National champion Great Lakes Invitational, champion CCHA, co-champion CCHA tournament, champion NCAA tournament, champion
- Conference: T–1st CCHA
- Home ice: Yost Ice Arena

Rankings
- American Hockey Magazine: 2

Record
- Overall: 34–7–2
- Conference: 22–6–2
- Home: 15–1–1
- Road: 8–5–1
- Neutral: 11–1–0

Coaches and captains
- Head coach: Red Berenson
- Assistant coaches: Mel Pearson Billy Powers
- Captain: Steven Halko
- Alternate captain: Brendan Morrison

= 1995–96 Michigan Wolverines men's ice hockey season =

The 1995–96 Michigan Wolverines men's ice hockey team represented the University of Michigan in intercollegiate college ice hockey during the 1995–96 NCAA Division I men's ice hockey season. The head coach was Red Berenson and the team captain was Steven Halko. The team played its home games in the Yost Ice Arena on the university campus in Ann Arbor, Michigan. The team finished tied for first in the Central Collegiate Hockey Association regular season, won the CCHA tournament and the 1996 NCAA Division I men's ice hockey tournament.

==Season==
Coming off of its 5th consecutive 30+ win season, 3rd Frozen Four appearance in 4 years and returning both the NCAA's scoring leader (Brendan Morrison) and wins leader (Marty Turco) the 1995–96 Michigan Wolverines were expected to again compete for the national title. Michigan was second in the preseason rankings by American Hockey Magazine, the first time that any poll was nationally recognized.

===Fast start===
Even though they dominated an outclassed Guelph squad in one of the last seasons that the NCAA permitted official games against CIS schools, Michigan opened its conference schedule against Western Michigan and fell flat on its face. The Wolverines lost the first game 2–7 at home before salvaging the weekend with a 3–2 road win. While the Wolverines dropped to fifth in the polls, they were down three forwards for the big game against Maine. The first annual US Hockey Hall of Fame Game was a rematch of last year's national semifinal, the then-longest game in NCAA tournament history, but with Morrison still recovering from a knee sprain and both Matt Herr and John Madden suspended for the game, fortunately for the Wolverines, Madden's suspension was reversed and he was allowed to play in the game. Despite facing 37 shots and 9 power plays from the Black Bears Turco dominated throughout the game, surrendering only three goals while his counterpart Blair Allison allowed 6 goals on just 23 attempts.
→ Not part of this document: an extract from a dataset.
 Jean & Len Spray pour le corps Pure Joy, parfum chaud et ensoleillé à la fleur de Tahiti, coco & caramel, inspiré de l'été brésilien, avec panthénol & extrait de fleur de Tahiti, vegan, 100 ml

After the high-profile win, Michigan won each game over the next three weekends and temporarily regained its #2 ranking. During that span Morrison returned from his injury and his 3-point night showed he was more than ready. Michigan also shut but out the opposition for the second time that season but with Turco sharing the net with Gregg Malicke on both occasions no goaltender received credit for either '0'.

===Mid-season hiccup===
The Wolverines headed into the third annual College Hockey Showcase ranked third and after an easy win against Wisconsin the Wolverines looked a bit flat against #5 Minnesota, dropping the game 2–3.
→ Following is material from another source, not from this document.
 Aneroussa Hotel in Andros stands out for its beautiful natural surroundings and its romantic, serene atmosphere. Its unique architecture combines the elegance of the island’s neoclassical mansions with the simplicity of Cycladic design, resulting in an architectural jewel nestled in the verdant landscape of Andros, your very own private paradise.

Three days later Michigan faced off against arch-rival Michigan State and though the Spartans were unranked at the time they were still a force to contend with. MSU handed the Wolverines their second consecutive loss and, with #8 Bowling Green up next, Michigan was in jeopardy of dropping from the polls. An offensive outburst of 5 goals in the first period helped arrest Michigan's slide and the 8–1 win gave the voters enough confidence in the Maize and Blue to keep them at the #4 spot. One side story with the game was Jason Botterill, a first round pick of the Dallas Stars, had already been suspended twice for fighting and was piling up unneeded penalty minutes. In the Bowling Green Game he was finally able to keep his nose clean while retaining his physical game, performing exactly how coach Red Berenson hoped he would.

Michigan Would end the first half of its season with an oddly scheduled weekend where they won at home against Lake Superior State then lost in their worst offensive performance of the season at #10 Western Michigan. The loss to the Broncos was even worse considering that Michigan had finally claimed the top spot in the CCHA from WMU the day before but now with the season series permanently in favor of their conference rivals Michigan was dropped back to third place.

===Great Lakes Invitational===
At the 31st Great Lakes Invitational, Michigan was looking to continue its run of championships. After trouncing Northern Michigan in the semifinal, the crowd of 18,000 at the Joe Louis Arena watched the Wolverines defeat #10 Michigan State for their 8th consecutive GLI title. Brendan Morrison was named as the tournament MVP for the third consecutive year after contributing on 6 of Michigan's 9 goals.

Michigan did not rest on its tournament win, completely dominating both opponents the following weekend by a combined score of 23–3. Morrison was again the star, earning 11 points in the two games and climbing up into the scoring race. Both weekends were missed by Botterill who was busy playing at the 1996 World Junior Championships, becoming the first player to win three gold medals at the event. The Wolverines continued to dominate the opposition for another two weeks winning each game and closing to within 2 points of the top spot in the CCHA with a game in hand. Botterill continued to build on his game, recording a hat-trick for the third time in 5 games.

The good times could not keep rolling, however, and the following weekend Michigan could only escape with a tie against a down Ohio State squad before losing the following night at Bowling Green. The next weekend Michigan hosted the Buckeyes and earned 3 points but had now dropped 6 points behind Michigan State for the CCHA crown.

===Catching up===
The schedule handed Michigan a win when the Spartans and Broncos split a weekend series, allowing the Wolverine's 2 wins to put them in second place with a showdown against MSU looming. After both teams won on Friday, Michigan and Michigan State met at the Joe Louis Arena for the second time the game remained close for 40 minutes but the Wolverine's potent offense broke the game open in the third, finding the net 5 times with the power play finishing 4 for 6 and leading Michigan to an 8–1 win and putting them 2 points back with a game in hand.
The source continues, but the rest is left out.